ASSIGNMENT » Every line from the one containing "Thớt nhựa kháng" to the one containing "Elegant Blue Ocean" in the records below, both included, must be set down exactly, and no other line.

MATERIAL FOR THIS EXERCISE »

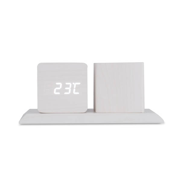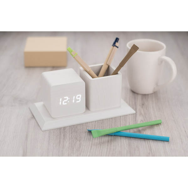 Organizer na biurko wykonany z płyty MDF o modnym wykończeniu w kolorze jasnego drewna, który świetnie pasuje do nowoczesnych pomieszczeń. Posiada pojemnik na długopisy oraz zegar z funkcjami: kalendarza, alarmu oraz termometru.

--

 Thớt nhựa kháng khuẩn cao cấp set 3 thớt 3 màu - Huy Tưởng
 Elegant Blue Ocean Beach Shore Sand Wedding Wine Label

ANSWER SECTION »
 Thớt nhựa kháng khuẩn cao cấp set 3 thớt 3 màu - Huy Tưởng
 Elegant Blue Ocean Beach Shore Sand Wedding Wine Label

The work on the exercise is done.